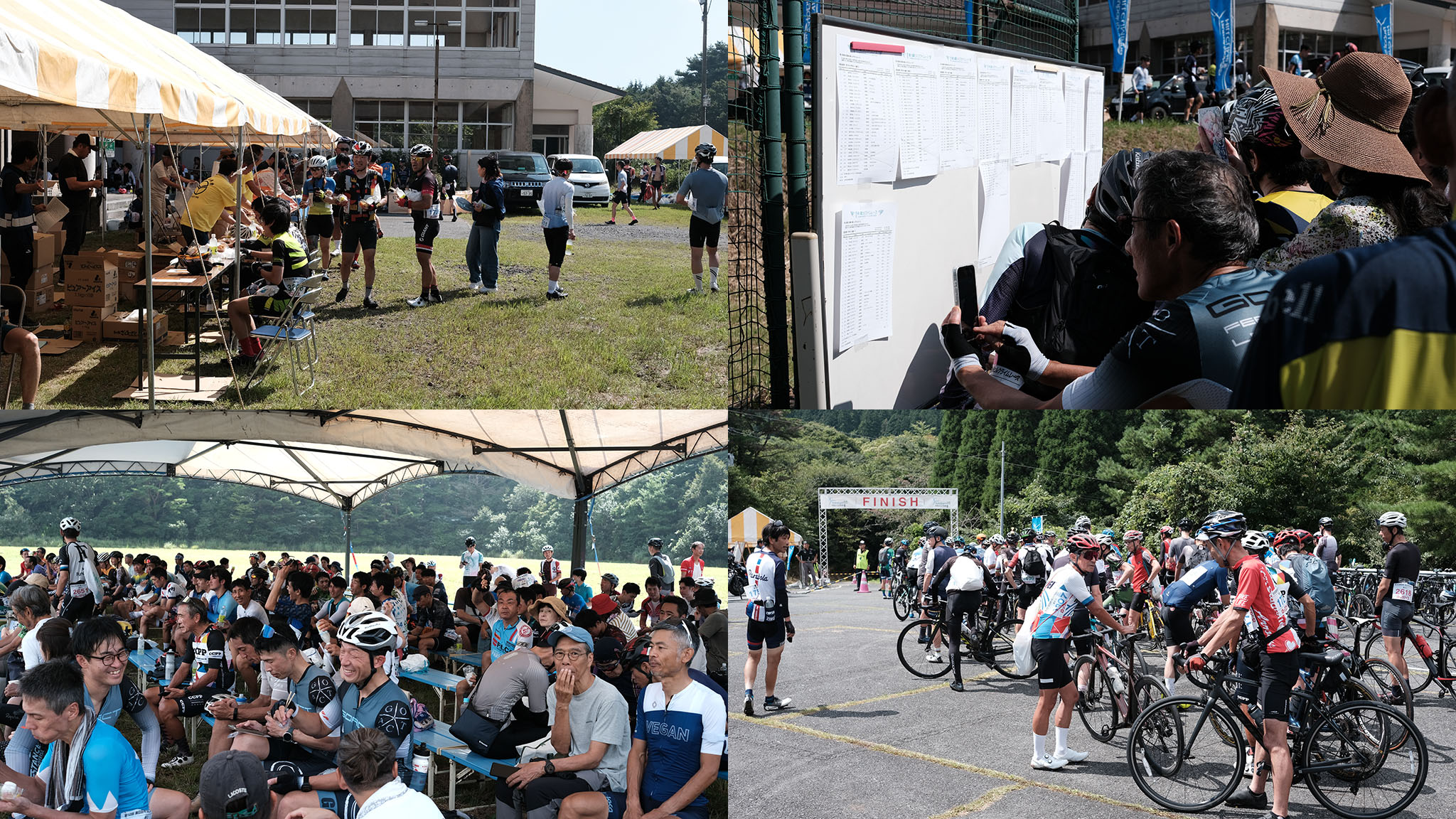 開会式の会場となる大山文化センターには出走前のメンテナンスも可能なステーションも完備され、集まったサイクリストたちはそれぞれに準備完了。レース前の緊張を秘めつつ、参加する仲間たちと和気あいあい。話題はレースの展望・作戦から今日の朝食まで様々です。
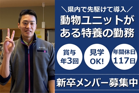 県内で先駆けて動物ユニットを導入した特養での勤務!施設運営なども学んで頂けます♪見学からもOK◎ぜひエントリーください!
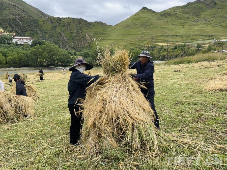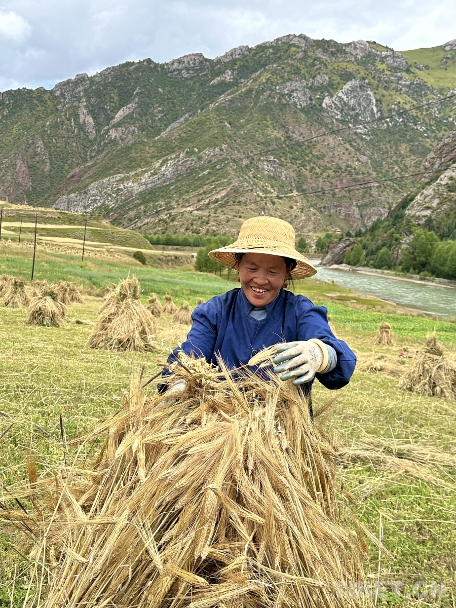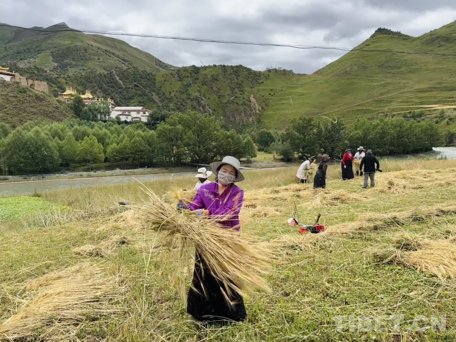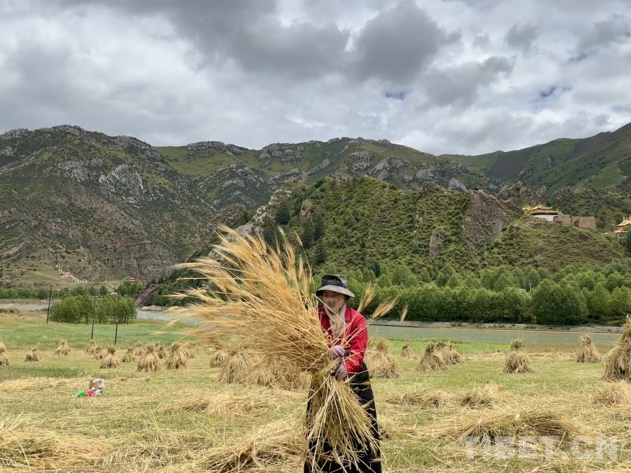 金穗低頭,豐收在望。孜榮村人們用勤勞的雙手繼續(xù)書寫著“高原糧倉(cāng)”的豐收故事。(中國(guó)西藏網(wǎng) 記者/畢然 龍真多吉)
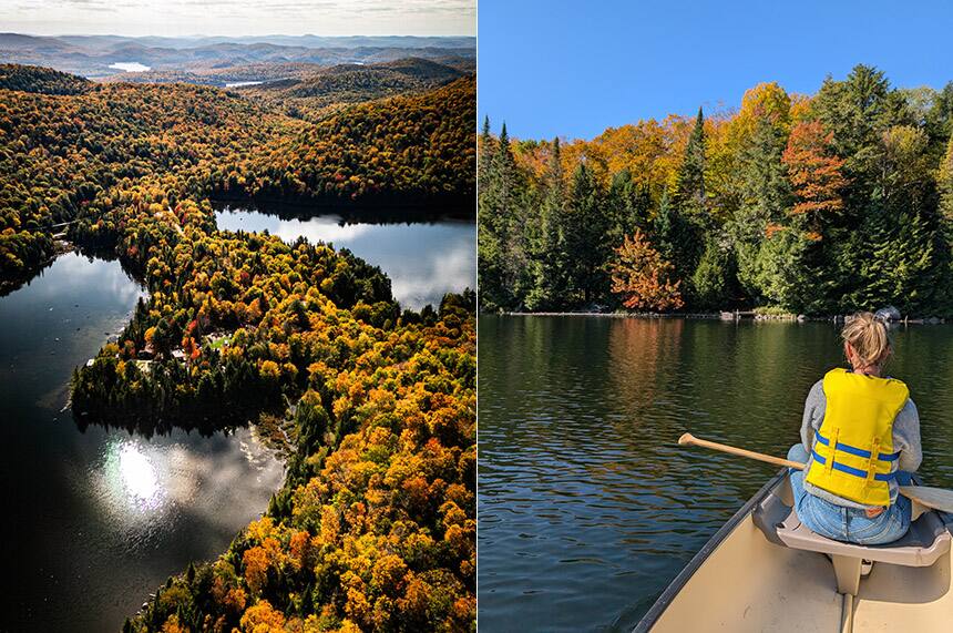 Bordé de deux lacs paisibles, le nouveau camping Huttopia se trouve au cœur du parc Éco-Laurentides, qui compte plus de 30 km de sentiers de randonnée.
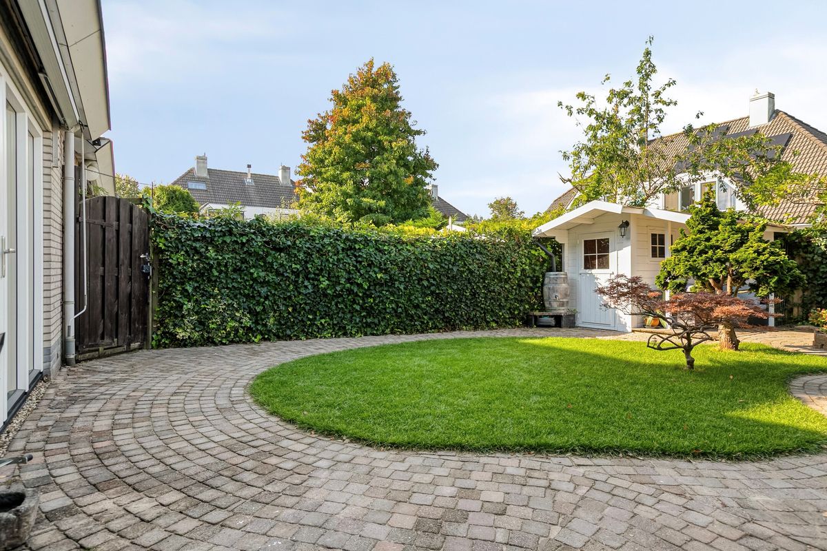 De voortuin biedt plaats aan de oprit met parkeerplaats voor de auto op eigen grond. De voortuin is voorzien van diverse beplanting en geeft toegang tot de entree. Tevens heeft u via de zijkant direct toegang tot de achtertuin.
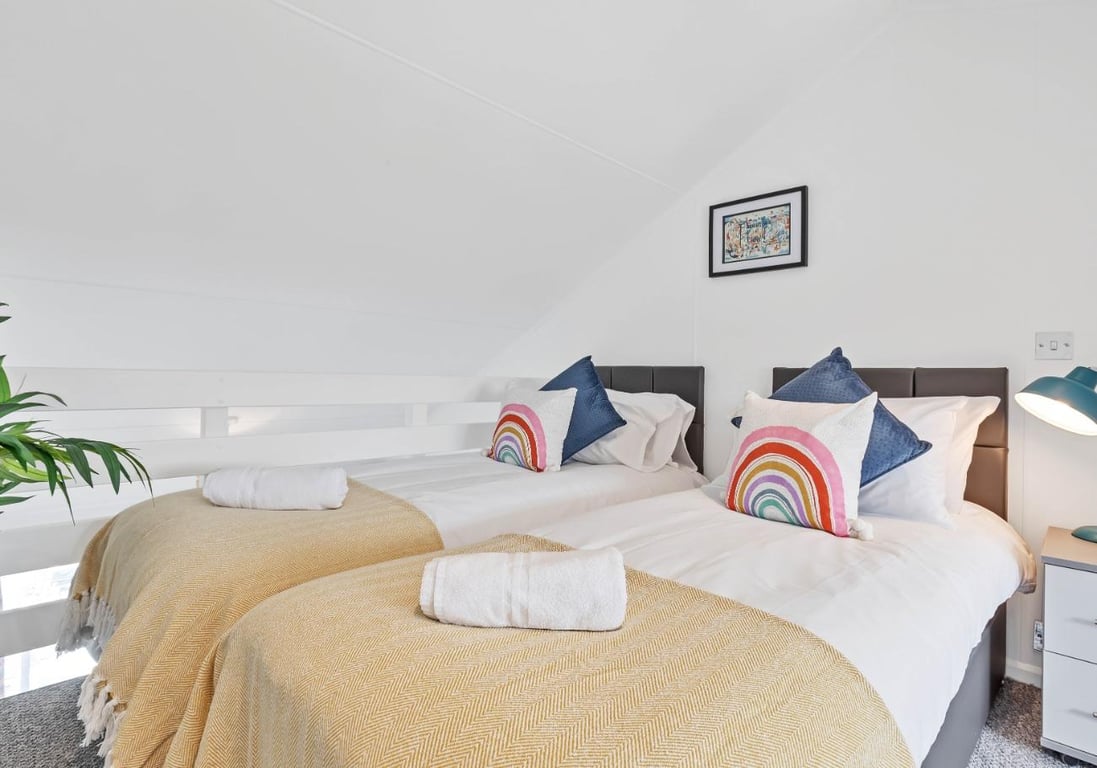 - Separate bedroom area with zip-and-link beds (set up as a double but can be single beds too – just let us know 7 days before arrival)
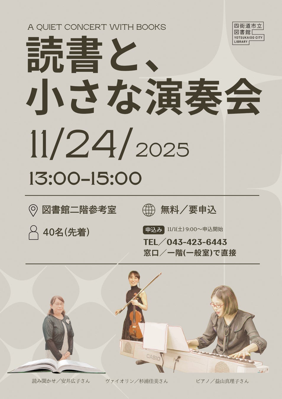 11月24日(月・休)に四街道市立図書館で「読書と、小さな演奏会」を開催します。読む人の時間に、音楽がそっと寄り添う特別なひとときを過ごしませんか。
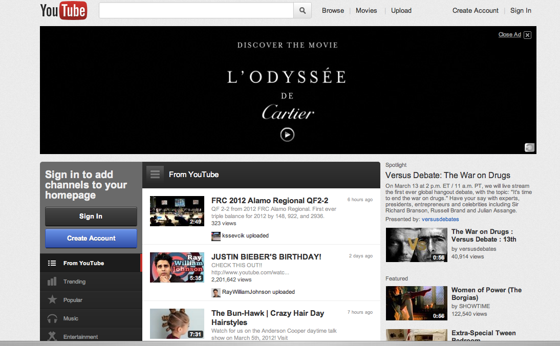 The Cartier epic was also featured on YouTube’s homepage:
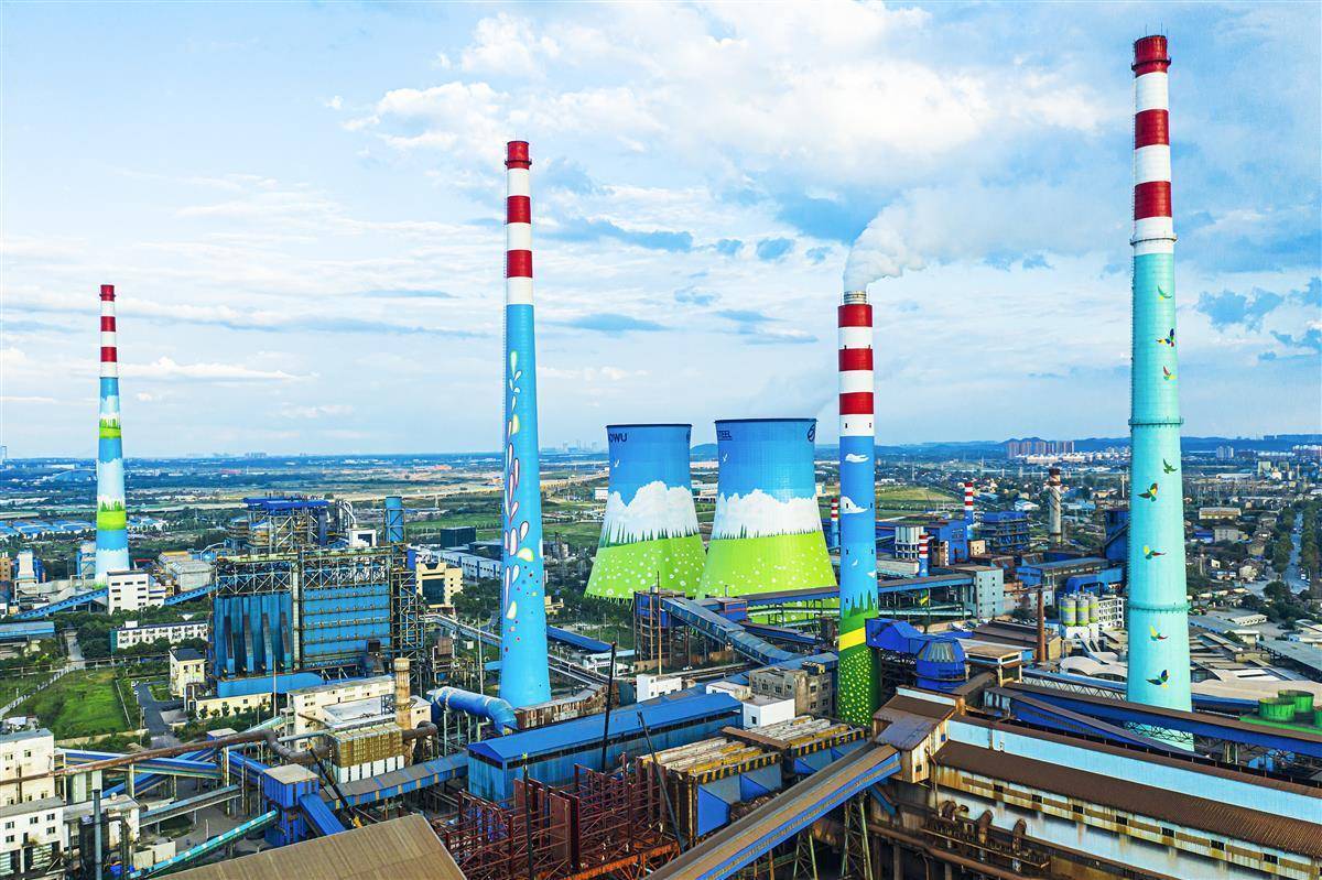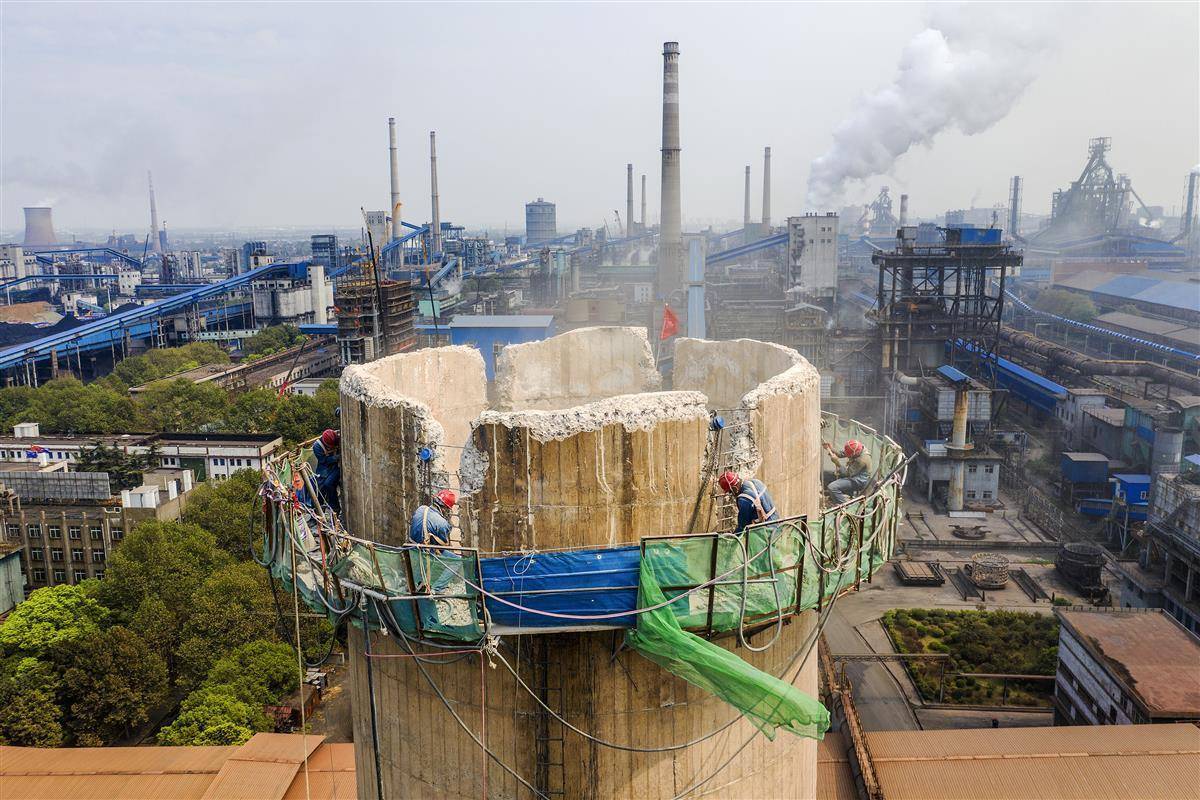 2021年9月13日,武钢有限对厂区内高耸的烟囱、冷却塔等建筑物外观进行彩绘,美化环境。
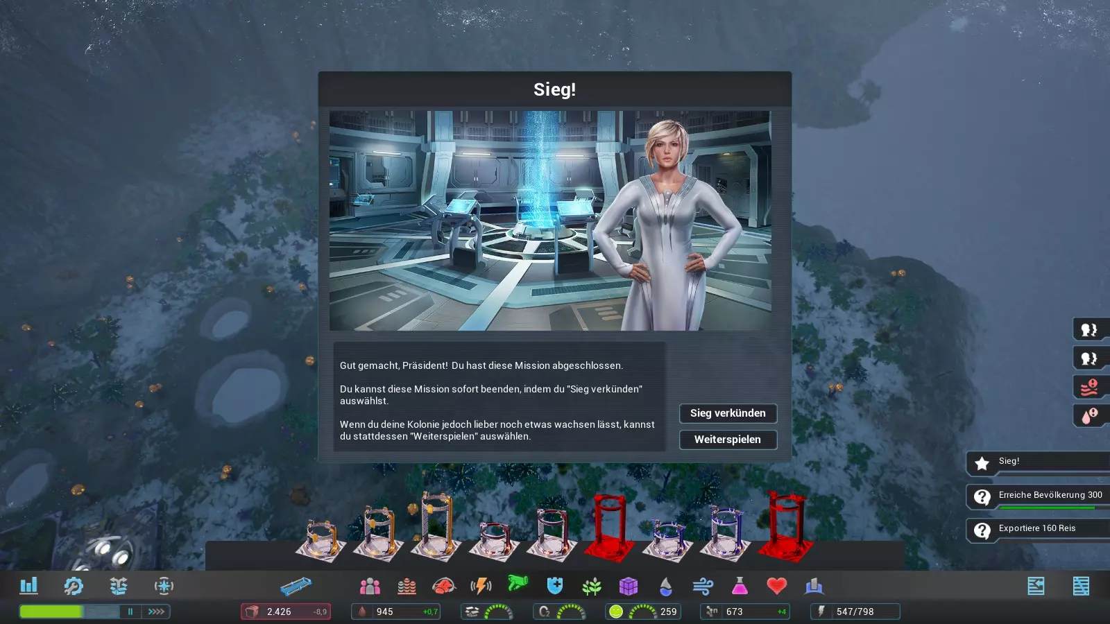 在第3太阳日结束的公投之后,我们终于可以完成任务了。由于除最终任务外的所有任务都已在第3太阳日完成,我们需要让地球历史中心正常运行一个太阳日。因为我们的殖民地物资供应充足,所以这项任务不成问题。理想情况下,我们会在第5太阳日开始时完成任务,并为获得的成就感到高兴。
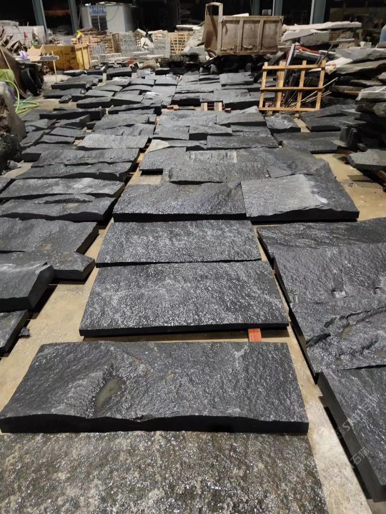 新老礦芝麻黑灰白自然面背景墻小方塊馬蹄石地鋪
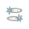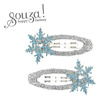 Komplet 2 spinek do włosów Christa holenderskiej marki Souza! Na każdej z nich znajduje się aplikacja brokatowej niebieskiej śnieżynki z kryształkiem na środku. Metalowa część obciągnięta jest wokół srebrną wstążką. Zaciski na klik sprawiają, że ozdoby stabilnie trzymają się włosów. Idealne zarówno na przyjęcia, jak i na co dzień, na zimę, święta czy jako dodatek do stroju Królowej Śniegu. Doskonałe także jako prezent.
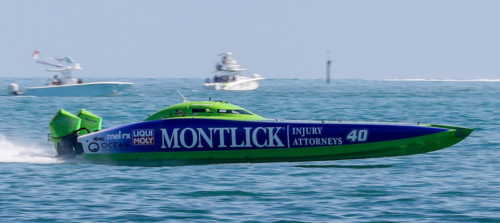 Watching the Montlick Injury Attorneys team take the Factory Stock-class checkered flag on Sunday in Key West, Fla., was among the highlights of the week for Doug Wright Powerboats/DWR company owner Justin Wagner. Photo by Jeff Helmkamp copyright Helmkamp Photos.
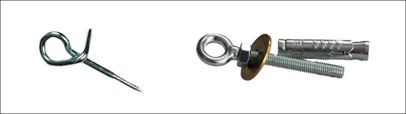 - 2x mechanická kotva v podobě zatočeného háku pro možnost zavěšování bez 2 dalších karabin navíc, anebo kotva s okem - k sehnání v hobbymarketech
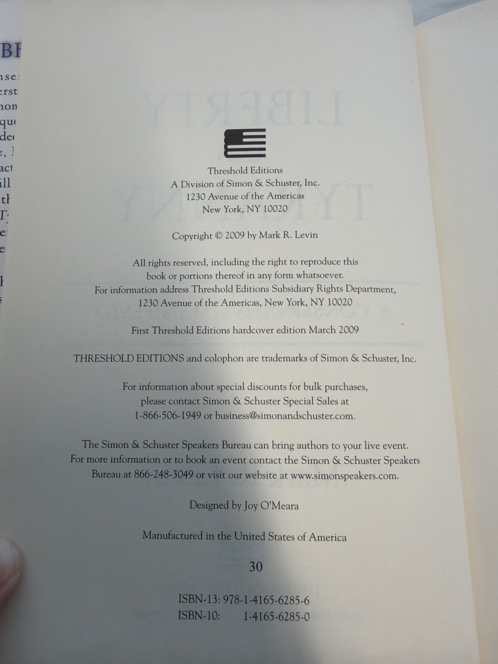 Book Liberty and Tyranny by Mark Levin Hardcover DJ
———
- **HOW TO COMPLETE THIS TASK**
The expected output is the complete listing, word for word, without any picture.

- **RESPONSE BOX**
 開会式の会場となる大山文化センターには出走前のメンテナンスも可能なステーションも完備され、集まったサイクリストたちはそれぞれに準備完了。レース前の緊張を秘めつつ、参加する仲間たちと和気あいあい。話題はレースの展望・作戦から今日の朝食まで様々です。
 県内で先駆けて動物ユニットを導入した特養での勤務!施設運営なども学んで頂けます♪見学からもOK◎ぜひエントリーください!
 金穗低頭,豐收在望。孜榮村人們用勤勞的雙手繼續(xù)書寫著“高原糧倉(cāng)”的豐收故事。(中國(guó)西藏網(wǎng) 記者/畢然 龍真多吉)
 Bordé de deux lacs paisibles, le nouveau camping Huttopia se trouve au cœur du parc Éco-Laurentides, qui compte plus de 30 km de sentiers de randonnée.
 De voortuin biedt plaats aan de oprit met parkeerplaats voor de auto op eigen grond. De voortuin is voorzien van diverse beplanting en geeft toegang tot de entree. Tevens heeft u via de zijkant direct toegang tot de achtertuin.
 - Separate bedroom area with zip-and-link beds (set up as a double but can be single beds too – just let us know 7 days before arrival)
 11月24日(月・休)に四街道市立図書館で「読書と、小さな演奏会」を開催します。読む人の時間に、音楽がそっと寄り添う特別なひとときを過ごしませんか。
 The Cartier epic was also featured on YouTube’s homepage:
 2021年9月13日,武钢有限对厂区内高耸的烟囱、冷却塔等建筑物外观进行彩绘,美化环境。
 在第3太阳日结束的公投之后,我们终于可以完成任务了。由于除最终任务外的所有任务都已在第3太阳日完成,我们需要让地球历史中心正常运行一个太阳日。因为我们的殖民地物资供应充足,所以这项任务不成问题。理想情况下,我们会在第5太阳日开始时完成任务,并为获得的成就感到高兴。
 新老礦芝麻黑灰白自然面背景墻小方塊馬蹄石地鋪
 Komplet 2 spinek do włosów Christa holenderskiej marki Souza! Na każdej z nich znajduje się aplikacja brokatowej niebieskiej śnieżynki z kryształkiem na środku. Metalowa część obciągnięta jest wokół srebrną wstążką. Zaciski na klik sprawiają, że ozdoby stabilnie trzymają się włosów. Idealne zarówno na przyjęcia, jak i na co dzień, na zimę, święta czy jako dodatek do stroju Królowej Śniegu. Doskonałe także jako prezent.
 Watching the Montlick Injury Attorneys team take the Factory Stock-class checkered flag on Sunday in Key West, Fla., was among the highlights of the week for Doug Wright Powerboats/DWR company owner Justin Wagner. Photo by Jeff Helmkamp copyright Helmkamp Photos.
 - 2x mechanická kotva v podobě zatočeného háku pro možnost zavěšování bez 2 dalších karabin navíc, anebo kotva s okem - k sehnání v hobbymarketech
 Book Liberty and Tyranny by Mark Levin Hardcover DJ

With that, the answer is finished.